As explicações adiantadas por comunistas e bloquistas para o fracasso eleitoral não colhem. Primeiro, a tese de que o PS fez um orçamento para ser chumbado e ir para eleições à procura da maioria absoluta. Esta ideia bate na trave, porque, a ser assim, porque raio teriam BE e PCP feito a vontade ao PS, votando contra o OE? E bate também no poste, porque dos sete orçamentos apresentados por António Costa, o de 2022 era o mais à esquerda. Digo-o eu que trabalhei na construção dos primeiros seis. Depois, a desculpa das sondagens e da bipolarização, como se o jogo das respetivas interpretações fosse algo de novo e substituísse a votação. Ironicamente, todas as sondagens apontavam para a forte penalização destes dois partidos, o que de facto aconteceu. Por fim, a pandemia e a rábula do SNS. Os comunistas consideraram-se prejudicados por não poderem fazer uma campanha de proximidade, como se isso tivesse sido uma dificuldade só sua. Os bloquistas insistiram naquilo que pensavam ser o seu porquinho-mealheiro dos votos, que era queixar-se do SNS, quando a esmagadora maioria da população o enalteceu e nele confiou.

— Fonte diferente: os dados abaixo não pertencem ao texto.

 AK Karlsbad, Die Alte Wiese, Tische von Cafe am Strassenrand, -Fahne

Este estado de negação esconde o problema mais profundo das duas forças partidárias, que é o de se terem entrincheirado numa visão do mundo, da sociedade e do país que já não existe e que não está no imaginário dos portugueses. Embora melhor escondido no Bloco, que tem sido mais hábil no exercício de mascarar a sua ideologia, em ambos os casos subsistem ideias, ora ultrapassadas, ora radicais, que não acompanham um país de cultura europeia ocidental. BE e PCP são, essencialmente, contra. Em todas as suas intervenções jaz uma matriz ideológica inviável e fossilizada. Contra a Europa, o Euro, a OTAN, a OCDE, o FMI, o BCE e a UE. Contra o défice zero, o pagamento da dívida pública e a banca. Contra o capitalismo, as grandes empresas, os patrões e a propriedade privada. Contra as barragens, as torres eólicas, o nuclear, os painéis fotovoltaicos e o lítio.

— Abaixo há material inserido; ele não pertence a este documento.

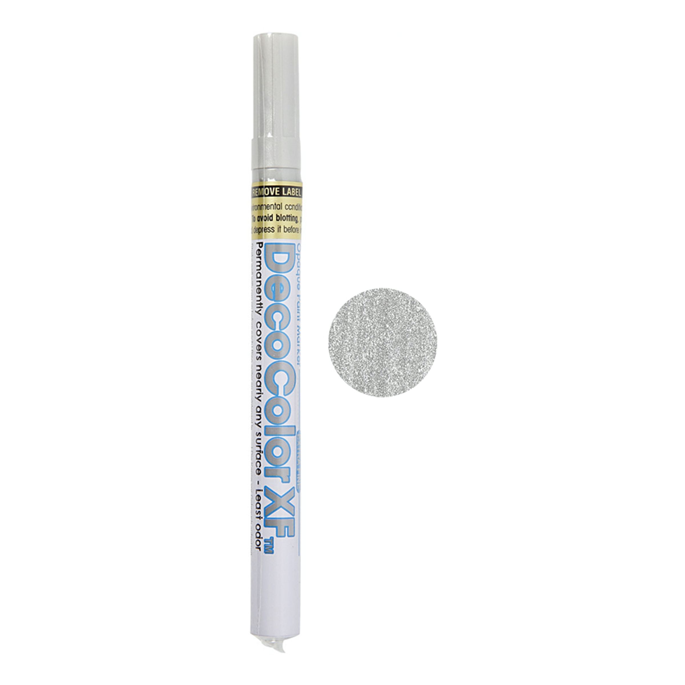 Metallpenna Silver är en permanent tuschpenna/dekorationspenna med en fin spets på 0,8 mm. Pennans färg är skimrande silver och du kan skriva med den på alla slags material, till exempel vanligt papper, trä, etc.

Esta esquerda à esquerda do PS recusa modernizar-se. As boas intenções de ajudar os pobres e oprimidos, de levar justiça, saúde e educação a todos e de olhar pelos direitos das minorias, nas quais quase todos nos revemos, esbarram na impossibilidade de mobilizar uma caixa de ferramentas políticas, sociais, económicas e ambientais que se integre na sua visão do mundo. Perante isto, o eleitorado tem vindo a acentuar a insolvência desta ala esquerda. Em 2015, comunistas e bloquistas valiam cerca de um milhão de votos; hoje, já valem menos de metade disso.

Para evitar a extinção, não vejo outra saída que não a da refundação desta esquerda mais à esquerda. A sua visão do mundo e o seu perímetro ideológico precisam urgentemente de uma atualização. Se o não fizerem, o vazio será preenchido por outros.